Optimizing Trial Efficiency with Bayesian Dose Escalation Designs | Allucent

Optimizing Trial Efficiency with Bayesian Dose Escalation Designs

Optimizing Trial Efficiency with Bayesian Dose Escalation Designs

In general, the use of Bayesian methods involves planning and simulation to ensure that the design is appropriate for operational execution, based on assumptions around dose-level escalation plans and presumed toxicity rates. This information involves not only statistical, but also preclinical, clinical, pharmacokinetic, and/or pharmacodynamic areas of expertise. Simulation outcomes for candidate dose-escalation designs ensure that protocol reviewers understand the level or risk to patient safety (kept low) and provide insight as to what a team might expect with respect to the operational characteristics of the study.

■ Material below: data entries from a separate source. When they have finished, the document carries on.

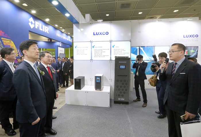(서울=포커스뉴스) 우태희 산업통상자원부 2차관이 11일 오전 서울 간암구 삼성동 코엑스 C홀에서 열린 '2016 국제 전기전력 전시회'에 참석해 개막식을 알리는 테이프커팅을 한 후 전기전력설비·기자재, 발전·원자력 플랜트 설비·기자재, 스마트그리드 및 관련 시스템, ESS, LED 조명 등 전시업체 전시관을 둘러보고 있다. <사진제공=산업통상자원부>
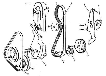 圖3-3發(fā)動機齒形帶等前端零件的拆卸
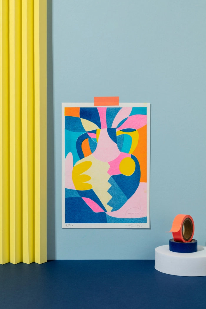 Vibrante danza de formas abstractas que dibujan un jarrón.
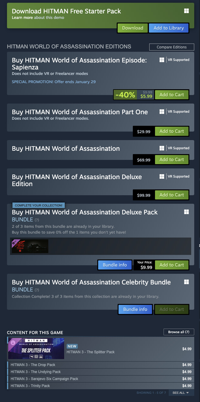 Some game bundles retroactively list themselves as “Owned or Purchased” if you own the main game and all DLC, but others… don’t, like Hitman for some reason.

Briefly, the BLRM and mCRM methods model the probability that a patient might experience a DLT based on an assumed dose-toxicity function, which is repeatedly estimated based on emerging data. After estimation, these posterior probabilities are used to assign subsequent cohorts of patients to an optimal dose. Dose optimality is defined and based on a target toxicity rate or acceptable toxicity interval; additional safeguards can also be incorporated to avoid cohort assignments to dose levels that may be associated with an unacceptably high toxicity risk (i.e., due to estimation variability). For these two methods, ongoing statistical support during the study in support of cohort dose-level recommendations is needed in order to determine the next optimal dose level for exploration. Further, cohort reviews often also involve an analysis of how the study will operationally proceed, given hypothetical outcomes. In short, for these model-based designs, statistical input is not only involved with respect to study setup but is also required for ongoing support with respect to cohort escalation decisions.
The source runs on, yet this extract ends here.